1950’ lerde Amerikalı doktorlar asla hastalarına kanser olduğunu
söyleyemiyordu. Kanser gizlenen bir felaket oldu o yıllarda.
1975’ de can alıcı bir buluşla kanserin sırrı çözüldü. Kaliforniya
Üniversitesi araştırmacıları normal hücrelerin bir sebeple anormalleştiğini
keşfetti. O güne kadar kansere neyin sebep olduğu ve nasıl olduğu
bilinmiyordu. Kanseri yapan genler olduğu keşfedildi en az on iki genin
böyle bir anormal büyümeye sebep olabileceği ortaya çıktı.
Bu yönde çok gelişme sağlandı. Bugün kanserli hücreye doğrudan tespit ve
tedavi bile mümkün ama henüz kanseri önlemenin yolu bulunamadı.
İşte, bu nedenle kanser deneyimini paylaşmanın önemli olduğunu
düşünüyorum. Kanser , bence çok bireysel bir hastalık. Herkesin kanseri
kendine! Çünkü kanser her bireyde farklı nedenler ve sonuçlarla ortaya
çıkıyor. Kanser bir kitle tedavi yöntemi ile yok edilemez. Sizin psikolojiniz,
yaşam tarzınız ve inançlarınızla tedavi aranızda birebir ilişki kurmak
gerekiyor.
Kanser sadece genetik, sadece psikolojik ya da fiziksel değil; belki toplamı
her şeyin. Genetik testle Amerika’ da yapılıyor. Bu testlere izin belgeleri
onlarca sayfa tutuyor. Kız kardeşiniz ve annenizin kan örnekleri ile
birlikte sizinkiler teste tabi oluyor. Ama test olmadan önce imzaladığınız
kağıtlarda bazı riskleri göze almanız isteniyor. Eğer kanser olacağınız
okunursa genlerden göğsünüzü almak istiyorlar. Buna kız kardeşlerim izin
vermedi haklı olarak!
Göğüs kanseri gelişmesinde aile öyküsü önemli bir risk faktörü olarak
bilinmektedir.genç yaşlarda görülen göğüs ve yumurtalık kanserlerine
eğilim yaratan , bir gende(BRCA1) mutasyonları, bu gen meme kanseri
nedeni.Çevresel faktörler de çok önemli bulunmakta. Örneğin; Japonya’

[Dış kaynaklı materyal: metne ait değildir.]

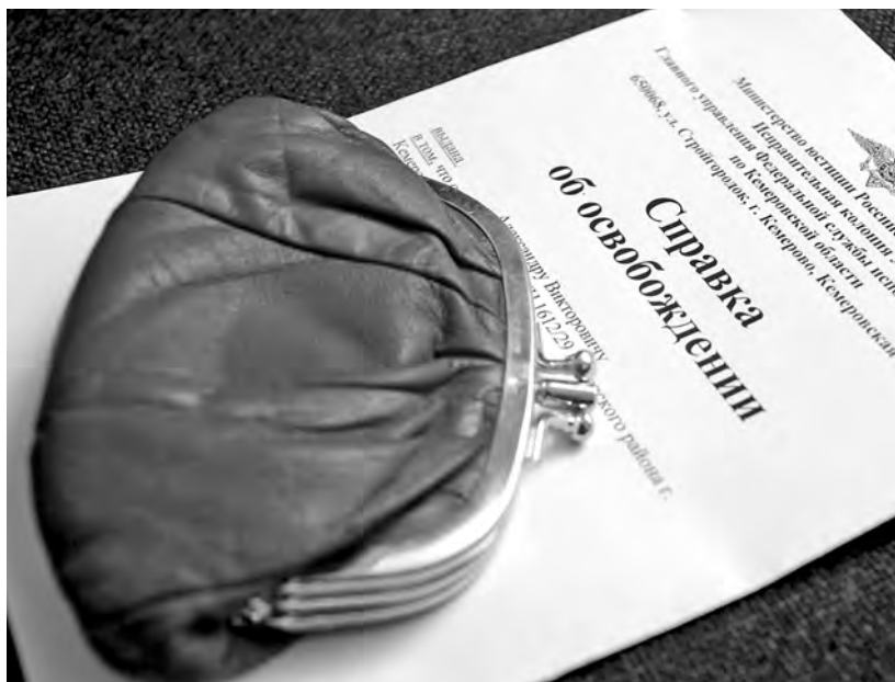
■ С помощью справки об освобождении уголовник-рецидивист украл кошелек и опять угодил за решетку.

– Пенсионерка плохо запомнила приметы своего соседа по очереди в кассу, зато видео с камеры наблюдения дало довольно четкую
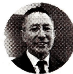
Ricardo Roa Presidente de Ecopetrol

En la reunión se trataron temas relacionados con energía, gas, petróleo y seguridad fronteriza. "Conversaremos seguro muchos temas que hay, el asalto a la Embajada de México en Ecuador, el tema palestino, el fortalecimiento
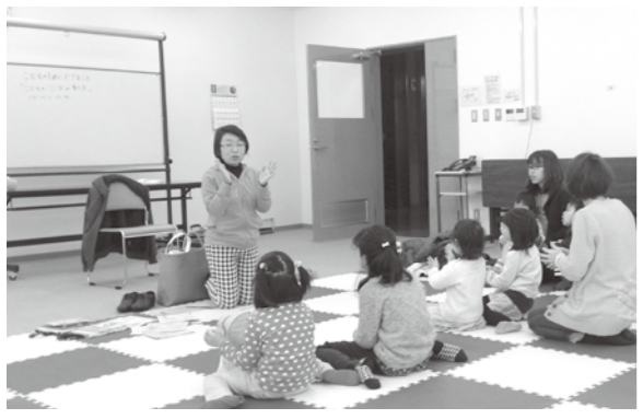
絵本による学習会
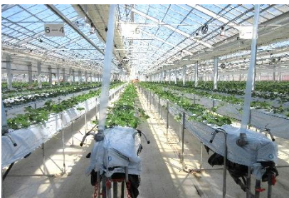
加熱設備は環境制御システムで管理

環境制御システムにより温度、湿度、CO 2 濃度などの環境情報を収集し、換気装置とともに自動制御している。また、温湯ボイラーによる培地の加熱や循環扇の設置による温度ムラの解消も図っている。
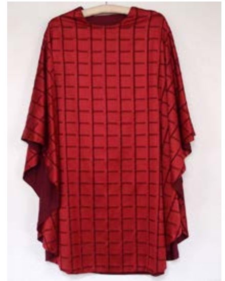
Couvent des capucines Sainte-Claire, Stans, chasuble d'Augustina Flüeler, vers 1960.
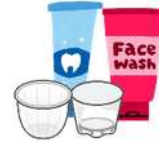
Các loại đồ đựng khác bằng nhựa
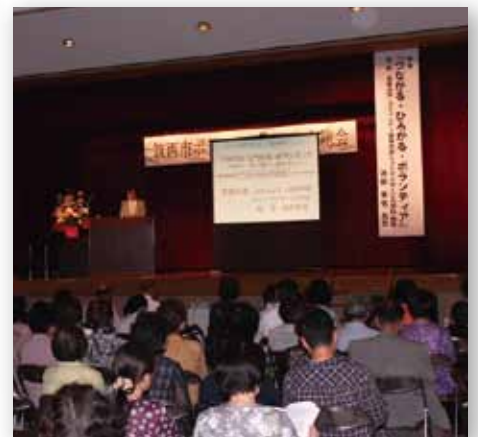
筑西市ボランティア連絡会総会
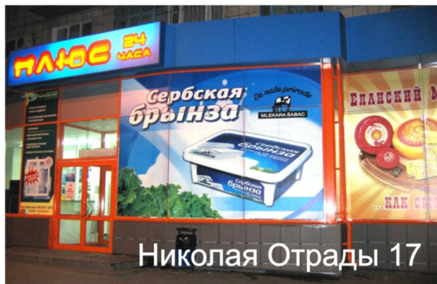
Николая Отрады 17
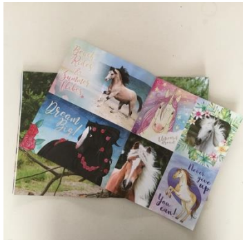
Poster uit tijdschrift halen
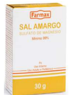
0003-Sal Amargo c/12
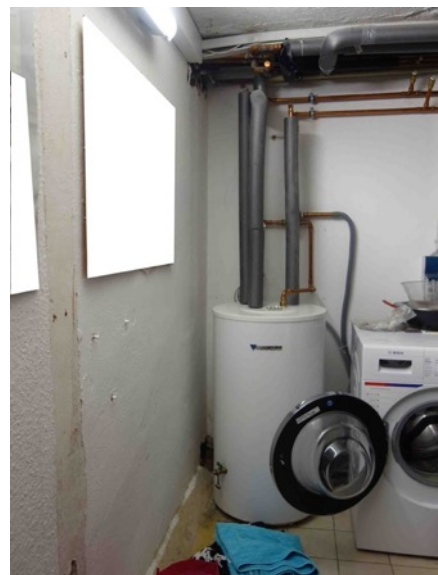
Abb. 25 KG EFH - WW-Speicher
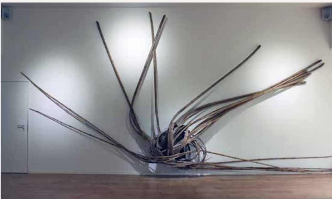
Xiao Yu 萧昱

da kadınlar daha az göğüs kanserine yakalanırken Amerika’ya göç eden
Japon kadınlarında pek yükselmeyen kanser oranı ikinci kuşakta
Amerikalı kadınlarla eşit seviyeye yükseliyor. Yeme içme alışkanlıkları ve
beslenme etkileyici faktör .
Kanserden korkmayın ama kanser korkusundan korkun!

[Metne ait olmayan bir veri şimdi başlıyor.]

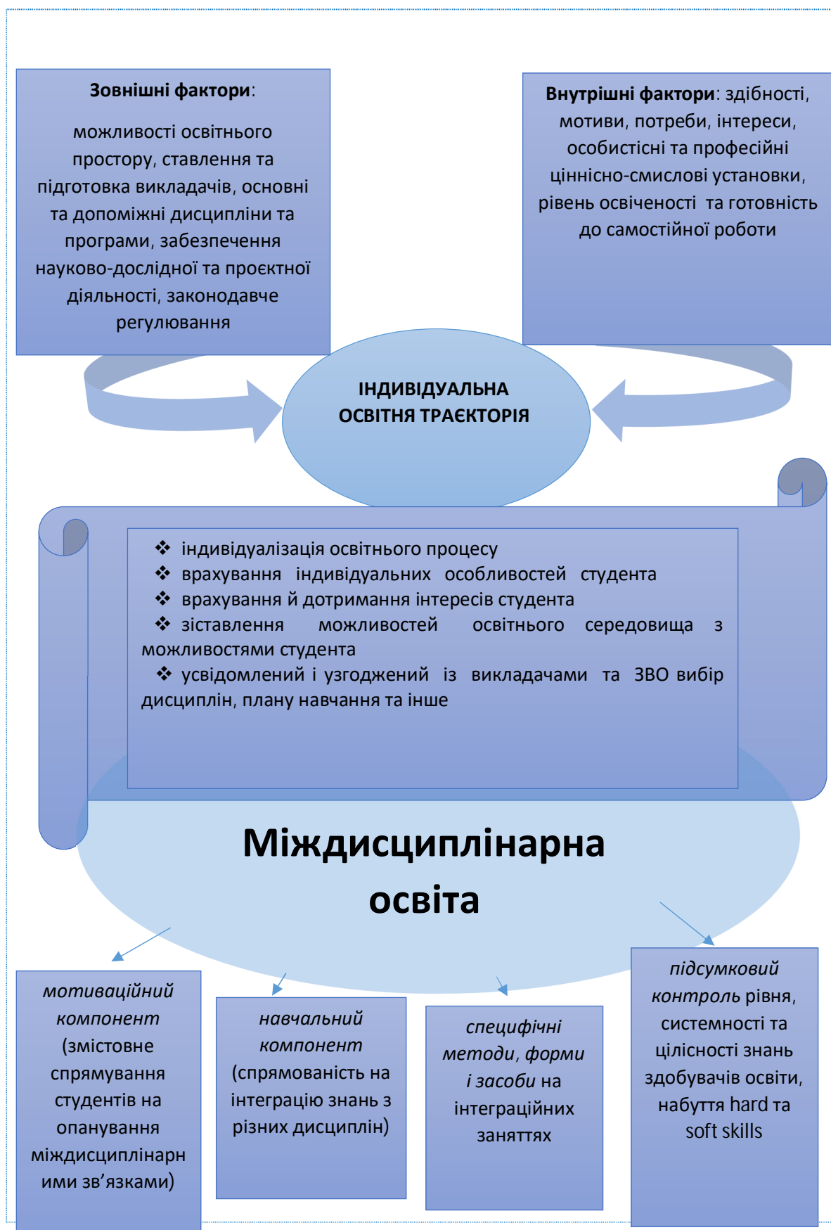
Рис. 3 Студентоцентроване навчання у контексті міждисциплінарної освіти
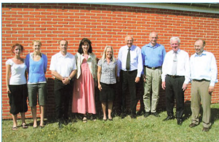
Billedet er taget ved bestyrelsesmødet den 7. juni 2007

Bestyrelsen er ansvarlig overfor Undervisningsministeriet for institutionens overordnede drift. Bestyrelsen afholder 4-5 møder om året. Beslutningsreferat fra møderne vil blive lagt på skolens hjemmeside.
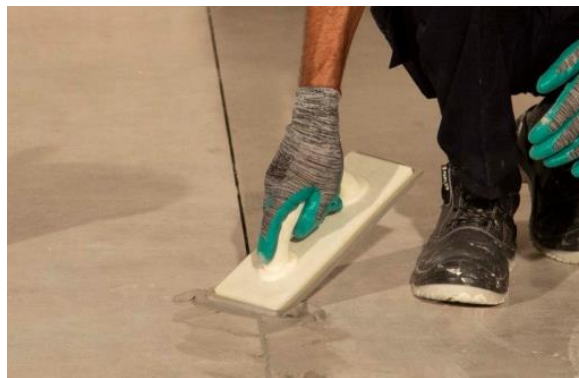
پر کردن بندها با ماده بندکشی
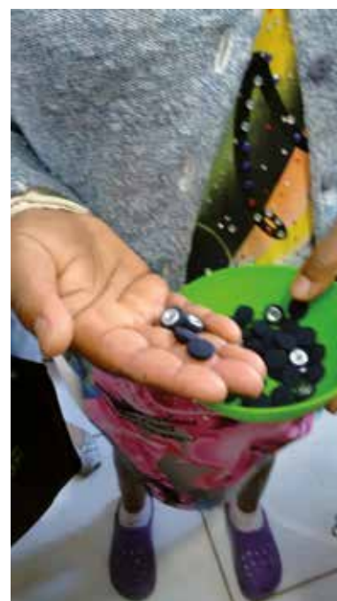
Figura 5 - Visita ao ateliê de costura
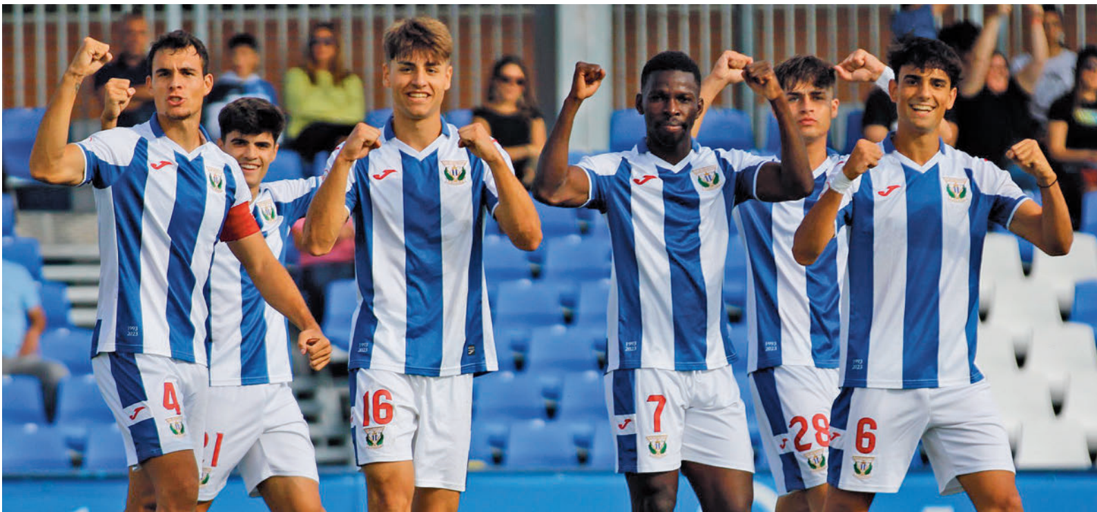
El CD Leganés B no dio opción en la Ciudad Deportiva a Las Rozas
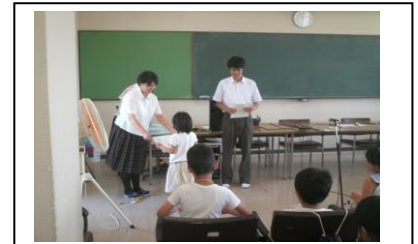
がんばった小学生に“修了証”を授与。
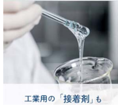
工業用の「接着剤」も
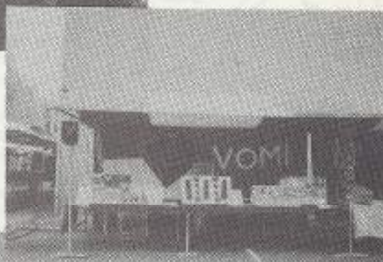
„Onze kraam“ is ingericht

Önce cesaret, sonra yaşama sevinci ile her şeyi yenebilirsiniz.
Size bir kamyon çarpmış gibi kanser olduğunuz mu söylendi ya da sizden
gizlediler siz kazara duydunuz; İlk birkaç dakika , hayat alt üst oluyor.
Çamaşır makin asında dönen çamaşıra benziyor insan. Alt ve üst oluyor,
durmadan. Şok! Korku! Suçluluk!Kızgınlık!Sersemleme! tüm bu
reaksiyonlar dünyada her hastanın paylaştığı duygular. Tüm kanser
hastalarının ilk tepkileri.Önemli olan kısa sürede bu şoku aşıp hayata
tutunmak ve yaşamaya devam etmek. Allah iyimser olana yardım eder.